Samedi, Jérôme Grausi a revêtu son costume et son écharpe de maire. Puis il a pris un micro et exprimé face à ses administrés tout le mal que lui inspire le projet de barrage hydroélectrique qui menace de défigurer, selon lui, le paysage qui entoure sa commune.

Le sujet tient à cœur au maire sans étiquette de Saint-Romain-de-Jalionas, attaché au caractère bucolique et verdoyant de sa ville nord-iséroise, séparée du département de l'Ain par les eaux du Rhône. C'est pourquoi il souhaitait informer les habitants de la "menace" qui se profile.

Plusieurs dizaines d'entre eux ont pris place sur des bancs installés sous une tonnelle à quelques pas seulement de l'endroit où pourrait s'installer le barrage hydroélectrique. Environnement, viabilité, sécurité, passé gallo-romain de la commune: les interlocuteurs se sont relayés au micro et ont mis en exergue un certain nombre de problématiques posées par le projet.

Le lieu où pourrait être implanté un barrage hydroélectrique près de Saint-Romain-de-Jalionas.
Le lieu où pourrait être implanté un barrage hydroélectrique près de Saint-Romain-de-Jalionas. © BFM Lyon

230 millions d'euros de budget

Certains ont été convaincus par les arguments avancés, d'autres moins. Michel est l'un des quelque 3400 habitants de Saint-Romain-de-Jalionas.

"Je n'ai pas un avis tranché sur le sujet, reconnaît-il au micro de BFM Lyon. Simplement, si ce n'est pas viable économiquement, ce qui semble être le cas, aucun intérêt de dégrader le paysage, d'apporter des nuisances à la faune, la flore."

Le coût du barrage est estimé à 230 millions d'euros. Porteuse du projet, la Compagnie nationale du Rhône (CNR) entend avec cet ouvrage atteindre une production supplémentaire d'énergie hydroélectrique d'environ 140 GWh par an. "Soit la consommation énergétique hors chauffage de 60.000 habitants", souligne-t-elle.

"Ils parlent aussi d'un pont-barrage. Ça apporterait de la circulation dans notre village. Ça n'a aucun intérêt", fustige également Michel. L'intéressé craint notamment que le barrage transforme la ViaRhôna. Alors que "c'est magnifique pour se balader le dimanche".

"Quand on connaît l'évolution des débits du Rhône..."

Benjamin, lui, vit à Crémieu, à moins de dix minutes en voiture de Saint-Romain-de-Jalionas. Il est venu assister à la réunion, un enfant en bas âge dans les bras.

"Quand on connaît l'évolution des débits du Rhône sur les 30 prochaines années (...), on se pose réellement la question d'un projet sur le Rhône qui, dans quelques années, verra couler très peu d'eau", déplore-t-il, assurant s'appuyer sur "des études récentes".
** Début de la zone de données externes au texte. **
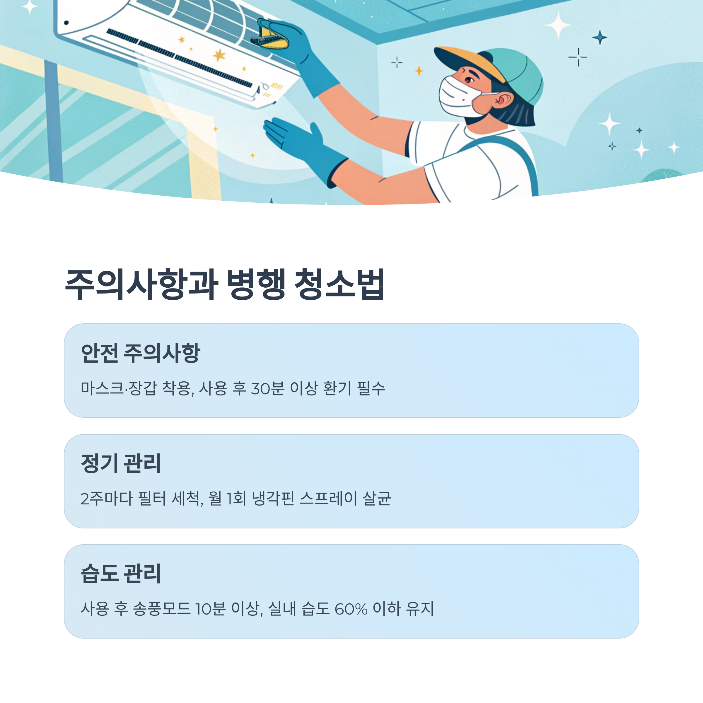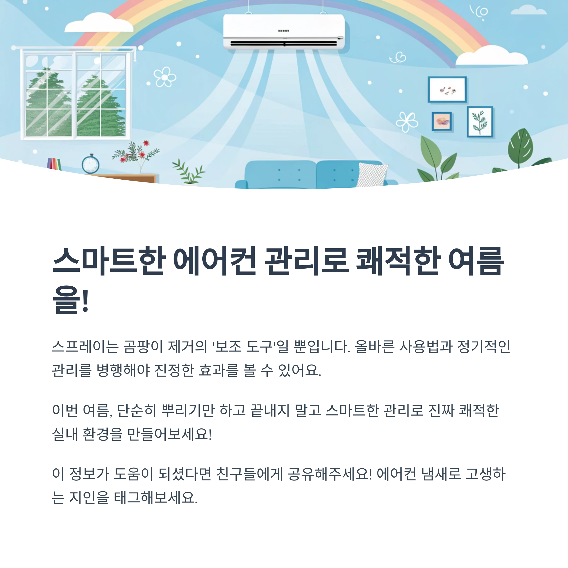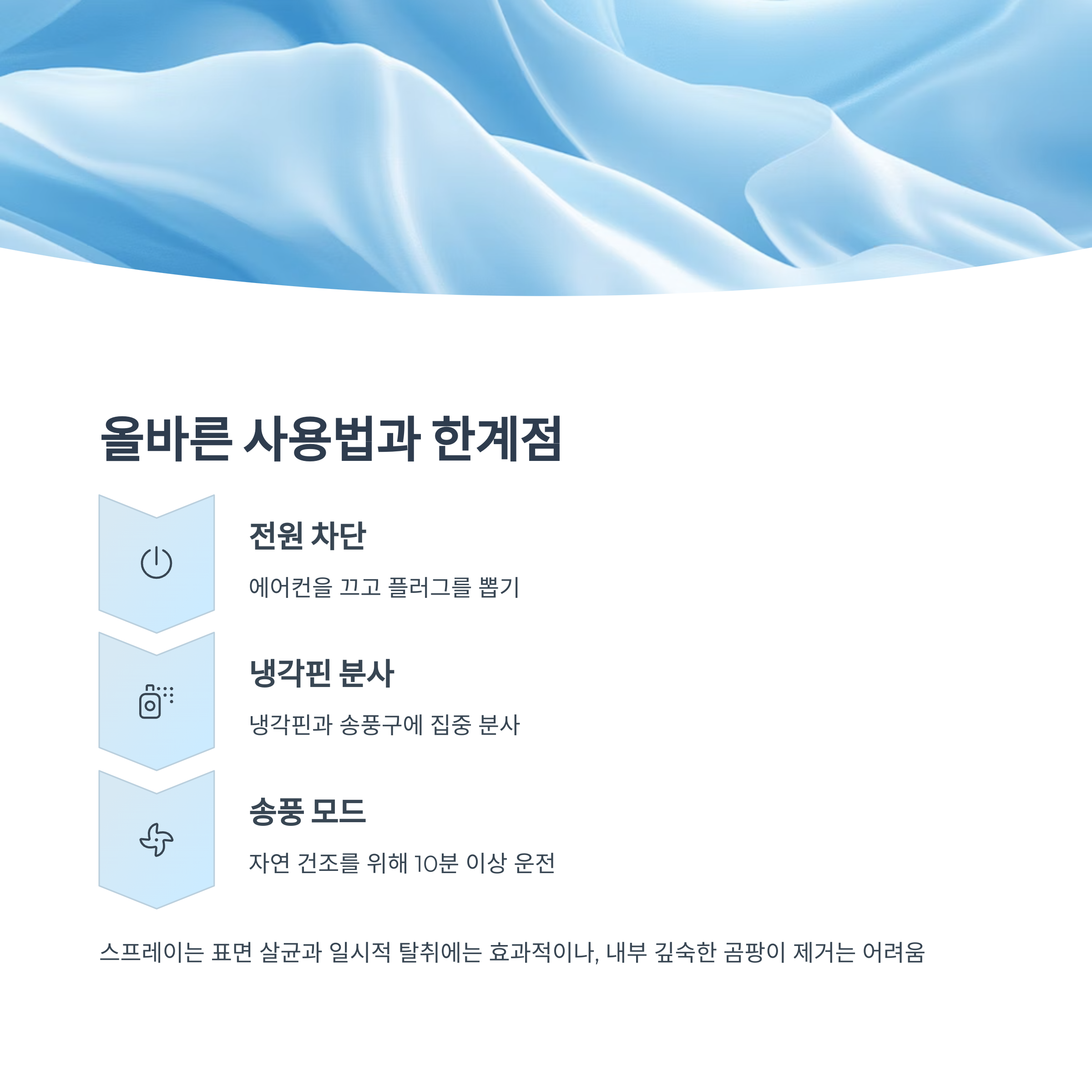 스프레이는 예방보다는 응급처치에 가깝습니다. 송풍모드 사용, 필터 청소, 실내 습도 관리 등과 함께 병행해야 예방 효과가 높습니다.
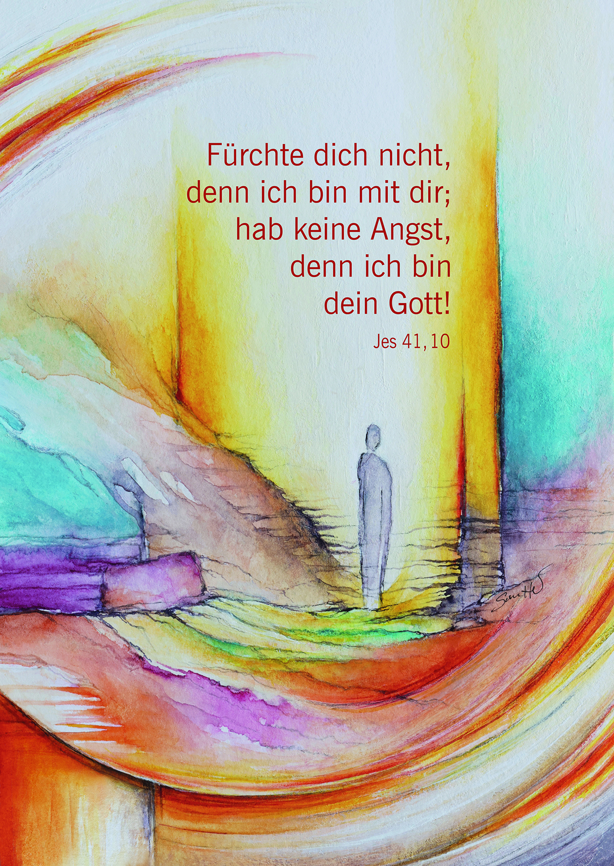 Andrea Sautter malt ihre Interpretation der Jahreslosung in diesem Jahr in Aquarelltechnik und schafft es auf beeindruckende Weise, die besondere Ausstrahlung dieser Technik auf die gedruckten Karten und Poster zu bringen. Dies gibt Ihren Jahreslosungs-Artikeln eine besondere Tiefe.
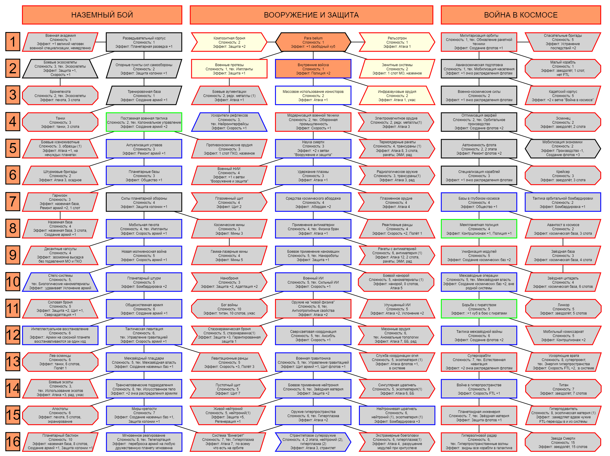 >>704081 > для каждой экосистемы отдельная технология/проект? Игромеханически не предусмотрено, так что один на всë > Строительство кораблей без "Милитаризации орбиты" невозможно? Например каких-нибудь гражданских корыт для разведки, грузоперевозки и добычи? Ниже все правильно сказали, игромеханически - нет. Так в теории корабли начинают строиться сами где-то после Освоения орбиты, но этот никак нигде не отражается. А тебе зачем собственно? > Почему восемь? Вроде ж 4 должно быть Потому что из-за моего косяка в правилах было написано что люди дают свой бонус к любому количеству проектов, а не один раз, как остальные кубы. Вот поэтому.
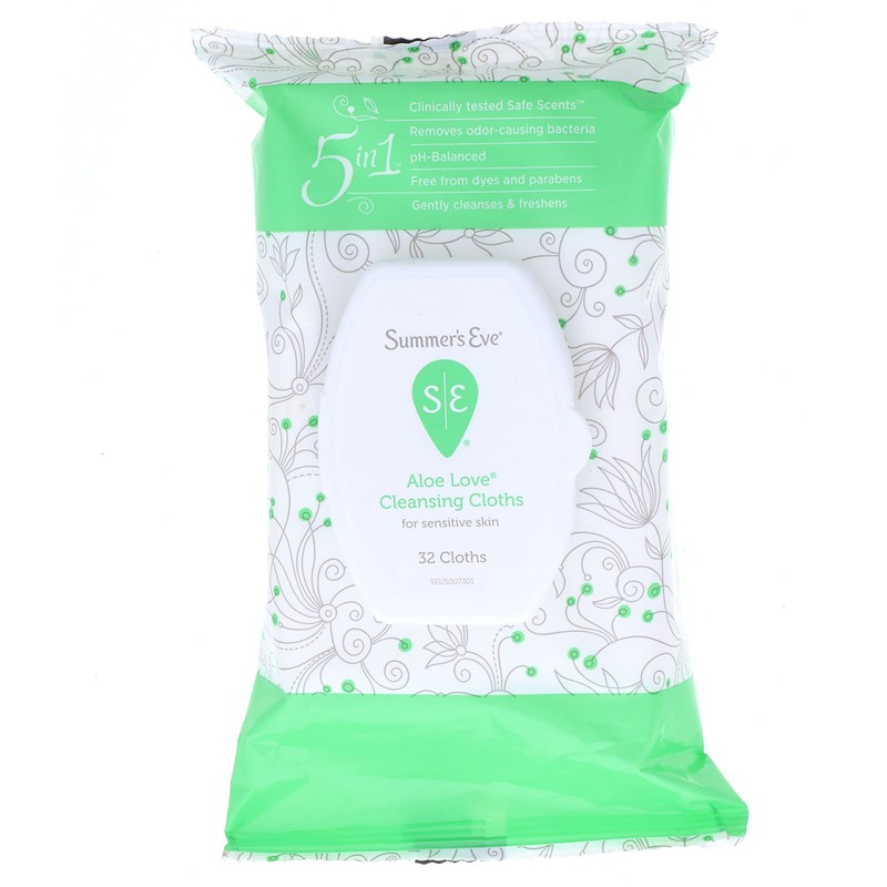 Summer’s Eve Aloe Love Gentle Daily Feminine Wipes, Removes Odor, pH balanced, 32 Count, (Pack of 2)
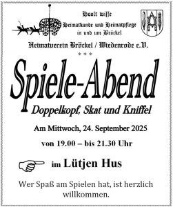 Spieleabend – Heimatverein Wann 24. September 2025 19:00 - 21:30 Zum Kalender hinzufügen ICS herunterladen Google Kalender iCalendar Office 365 Outlook Live Wo Lüttjes Hus Bahnhofsstr. 4, Bröckel, Niedersachsen, 29356 Karte nicht verfügbar
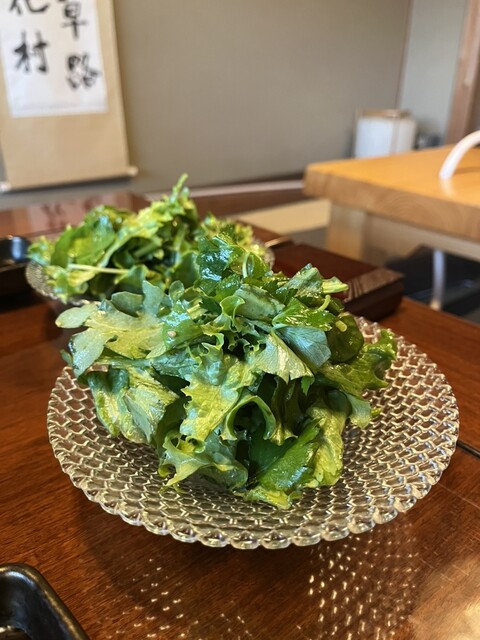 最初に提供された7種野菜のチョレギサラダは、野菜のシャキシャキ感が心地よく、さっぱりとした味付けで食欲を自然と引き出してくれます。
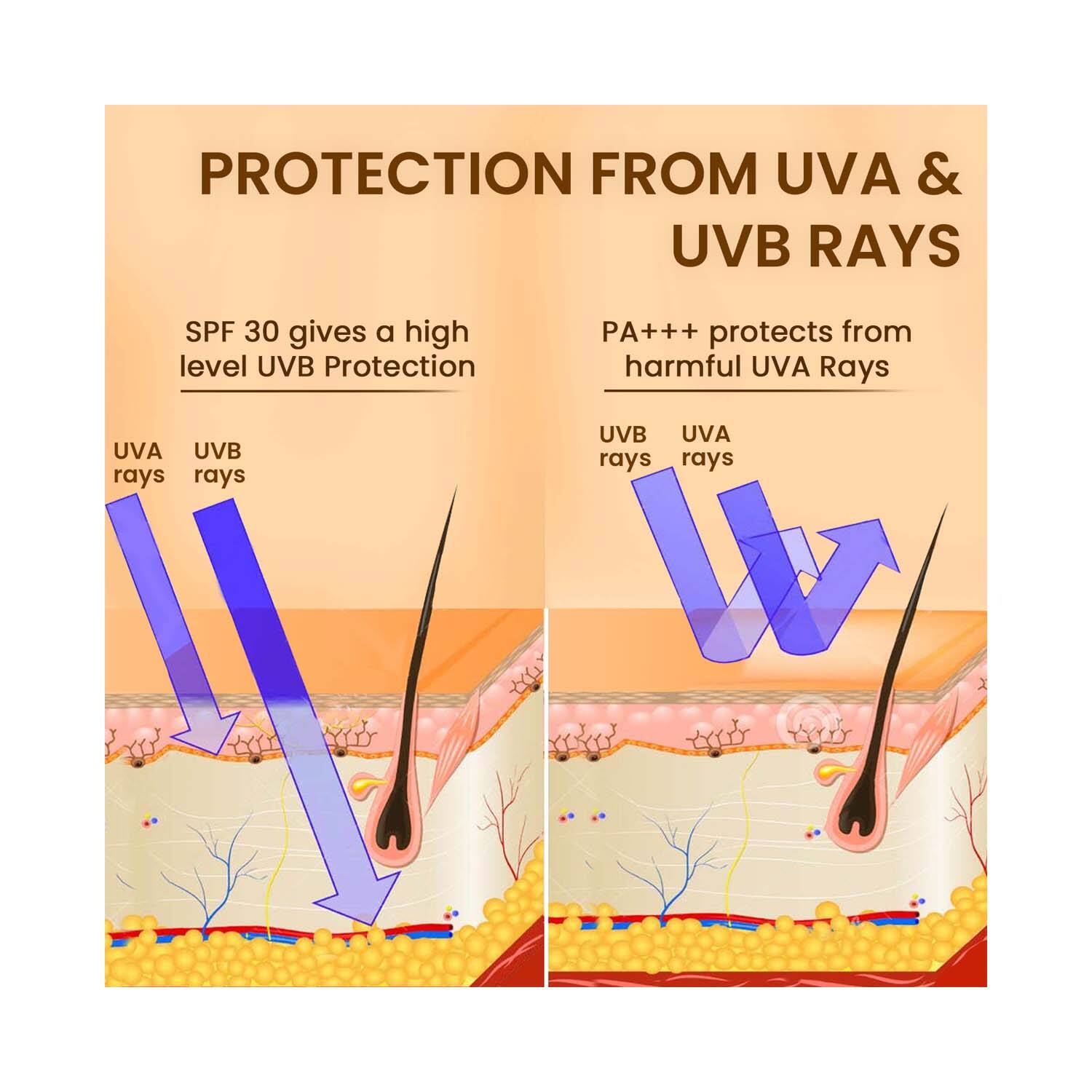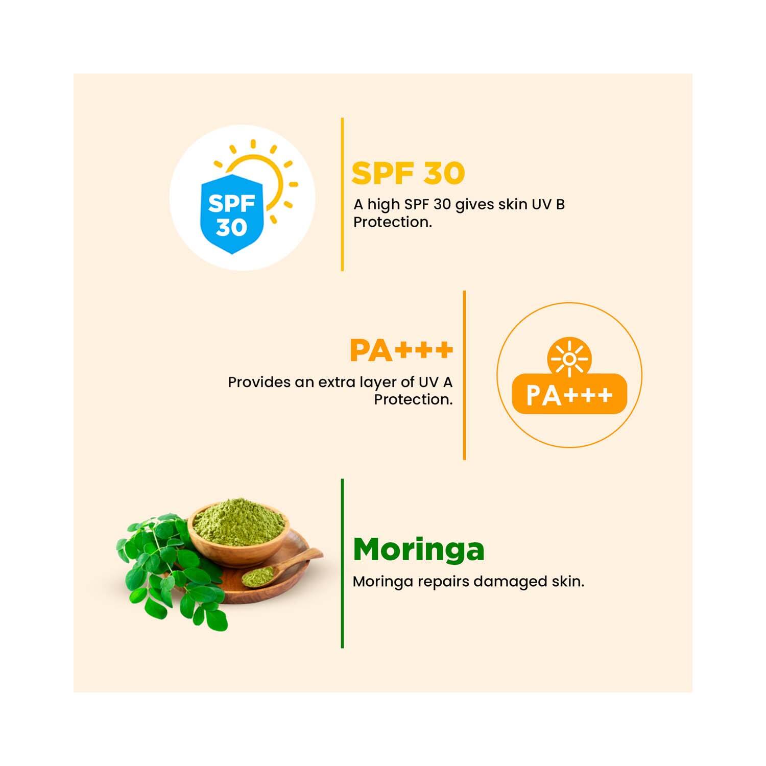 Key Ingredients:Zinc oxide: Creates a physical barrier between the skin and the sunTitanium dioxide: Prevents sun damage and reduces the signs of agingMoringa: Flushes out toxins from the skin
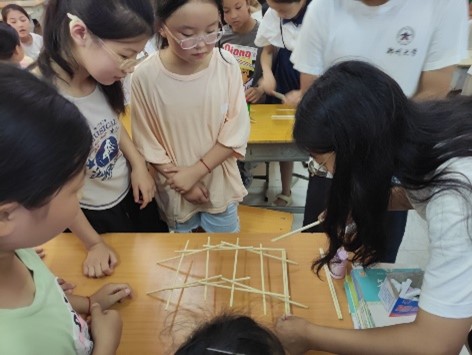 趣味實驗課堂 為了提高同學們的動手操作能力,提升同學們對科學實驗的興趣,鄭州大學薪火鼓浪支教團組織開展了搭建筷子橋趣味實驗活動。首先,老師帶領同學們一起觀賞了一些中外拱橋的圖片,激發了同學們進一步了解筷子橋的興趣。接著,老師為同學們詳細講解了搭建筷子橋原理,并耐心介紹了搭建筷子橋的步驟。同學們聽講認真,對搭筷子橋實驗充滿了興趣。
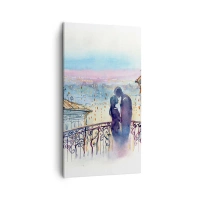 Lærredstryk - Billede på lærred - Parisiske elskere - 55x100 cm
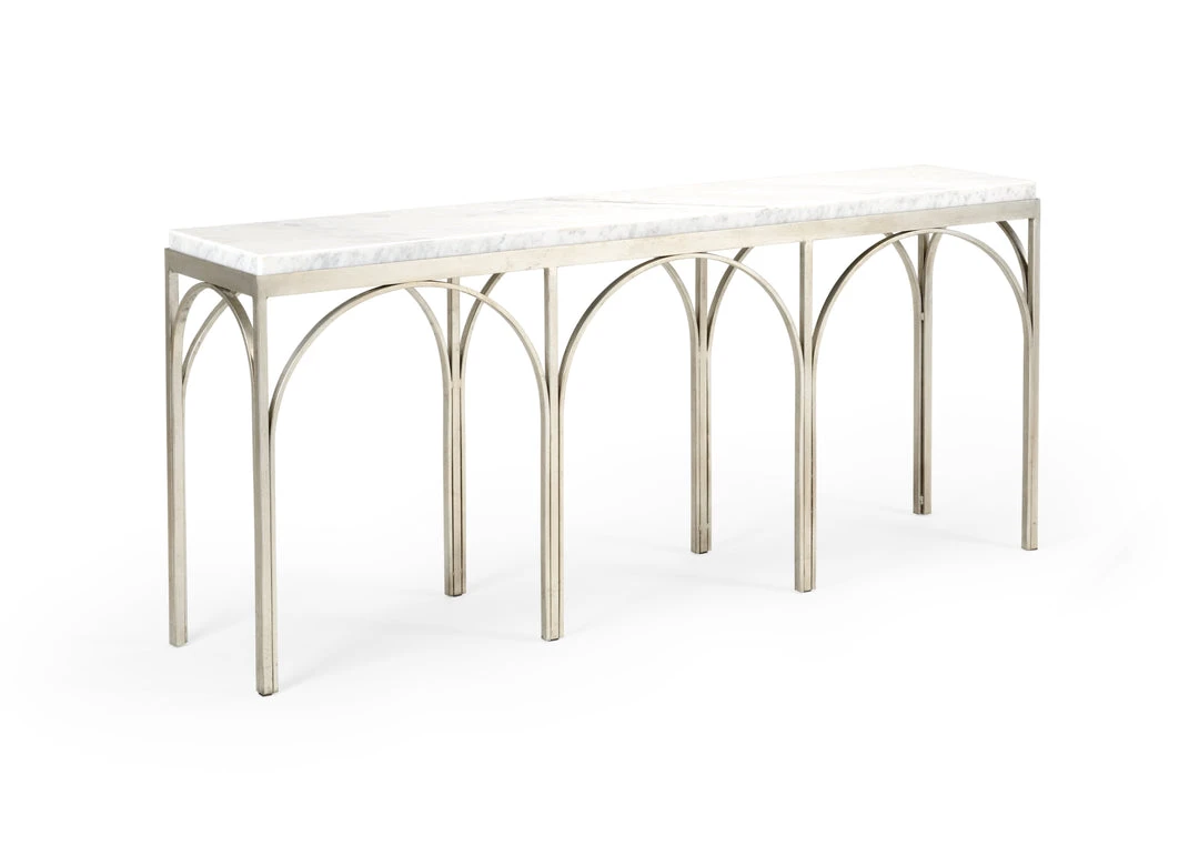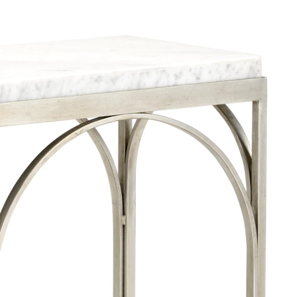Natural Gray Marble On Antique Silver Leaf Iron Base

Pour Jérôme Grausi, le barrage hydroélectrique est d'autant moins nécessaire que la centrale nucléaire du Bugey ne se trouve qu'à quelques encablures de sa commune.

Un projet de barrage sème la discorde à Saint-Romain-de-Jalionas.
Un projet de barrage sème la discorde à Saint-Romain-de-Jalionas. © BFM Lyon

Des études en cours

"On sait que la centrale réchauffe le Rhône, parce qu'il y a deux réacteurs qui fonctionnent par le réchauffement du Rhône. Derrière, on va récupérer de l'eau chaude. Ça va avoir un impact énorme sur les poissons, sur toute la faune et la flore. Forcément, on ne peut pas être pour ce projet", peste-t-il.

L'élu a récemment reçu le soutien d'Anne Grosperrin, vice présidente de la métropole de Lyon en charge des cycles de l'eau. Au même titre que diverses associations prônant la protection de l'environnement, elle fait part sur X de ses "préoccupations".

Presque vieux d'un siècle, ce projet de barrage hydroélectrique s'inscrit dans le cadre d'une volonté étatique d'accélérer le développement des énergies renouvelables. Objectif affiché: en atteindre 33 % en 2030, avant la neutralité carbone à horizon 2050. Des caps définis dans la Programmation Pluriannuelle de l’Énergie (PPE).

Si le calendrier prévisionnel est tenu, les études de faisabilité pilotées par la CNR se termineront fin octobre. S’ensuivra une concertation publique d’une durée de trois mois. Charge reviendra enfin à l'État d'acter ou non le lancement du projet début 2024. La mise en service doit survenir en 2033 au plus tard. Cette perspective, Jérôme Grausi est bien décidé à la combattre.